Investing With A Conscience Socially Responsible Mutual Funds
Post on: 28 Июль, 2015 No Comment
Submitted by Anders Bylund on writer https://plus.google.com/108516238404247361779?rel=author
January 23, 2008
With socially responsible mutual funds, you can make money and still sleep at night. Are they right for your portfolio?
Some people want their invested dollars to do more than just grow their personal wealth. Why not make the world a better place, too? That’s why you see a wide range of socially responsible mutual funds these days- investment vehicles for the investor with a moral compass.
Clean cash? I’m in!
The concept is simple-if you buy this type of fund, you get a portfolio of professionally screened and selected companies that don’t do anything too evil to the environment, to society, or to the youth of the world. But even this seemingly honorable investing avenue is full of pitfalls and traps.

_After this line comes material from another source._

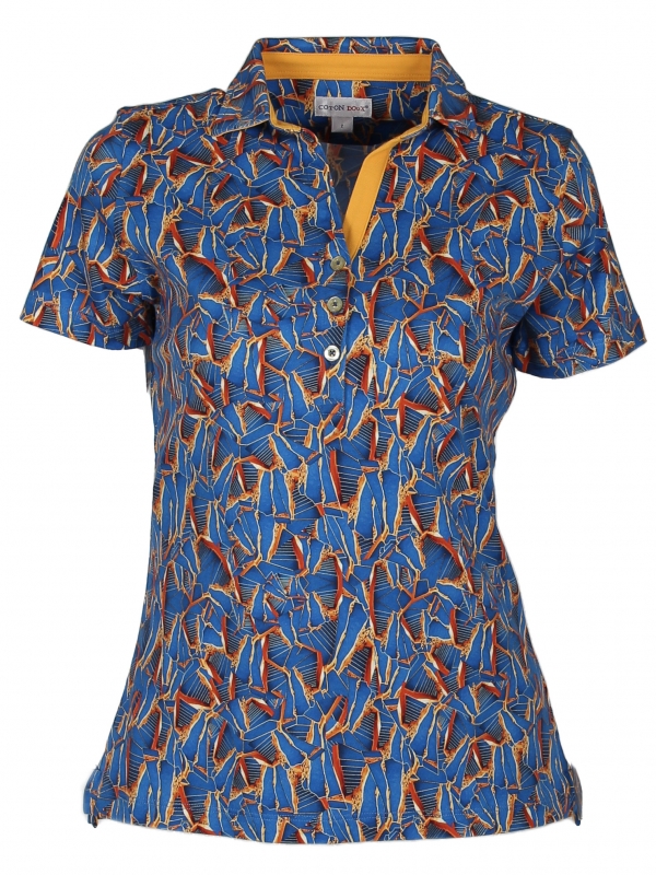 Coton Doux Women’s Slim Fit Polo With Stairs Print

The biggest problem is that all that handpicking takes work. The fund manager isn’t just shadowing the S&P 500, or trading stocks automatically on technical and financial changes. Each business has to get a fine-toothed comb treatment to make sure that it deserves to be held in that basket of conscious funds. The selection criteria vary from fund to fund, but they often exclude vice stocks (tobacco or alcohol), while monitoring corporate climate, marketing messages, responsible products, acceptable manufacturing processes, and respect for human rights.
The price of ethics
Doing all that research for more than nine thousand potential investment targets isn’t cheap, and socially responsible funds tend to have hefty expense ratios as a result. Paying 2 percent of your holdings in annual management fees isn’t uncommon, and you could get slapped with a 4 percent front-load fee just to start an account .

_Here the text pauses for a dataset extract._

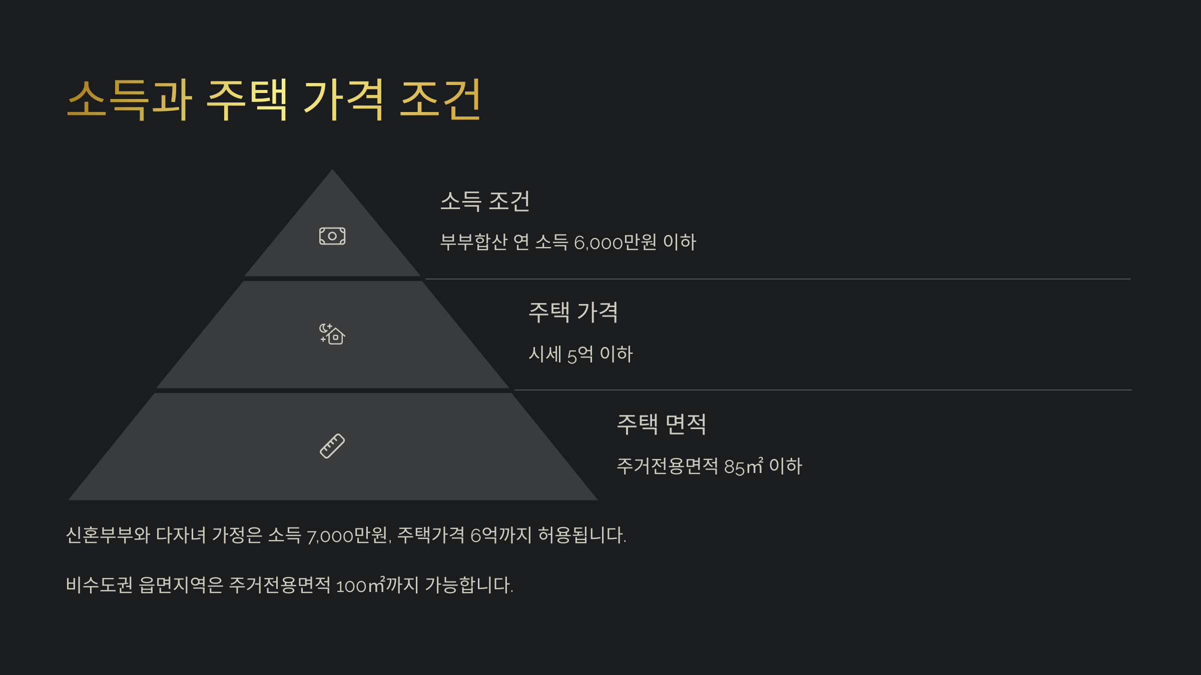 | 연소득 | 부부합산 7천만 원 이하 (신혼부부 등은 8천5백만 원 이하) |

Besides high costs, the strict selection criteria will remove many of the most promising stocks on the market from consideration. Finding winners in a much smaller stock selection will be a challenge for even the most talented fund manager.
Don’t give up
That said, there are some decent performers with low management costs available to the conscious investor. The advent of socially responsible index funds, like the KLD Select Social, and the FTSE4Good, have led to low-cost index funds. Bellwether mutual fund companies like TIAA-CREF and Vanguard also have actively managed funds with fees below 0.25 percent per year. None of them have had much luck beating the broader market, but some come close to the S&P 500’s returns.
You might have your own opinion on what makes a responsible investment. If you’re concerned about the environment, consider the PowerShares Water Resources Fund, or its Wilderhill Clean Energy sibling. Strong faith could lead you to the Ave Maria Catholic Values fund. When you pick a specialty, your chances of beating the broader market look a lot better, too.
You don’t have to leave your morals behind when you walk onto Wall Street. It’s a bit harder to come out ahead when you’re working with any kind of restrictions, but all it takes is a little legwork and some faith in humanity. Who says that you can’t put your money where your heart is?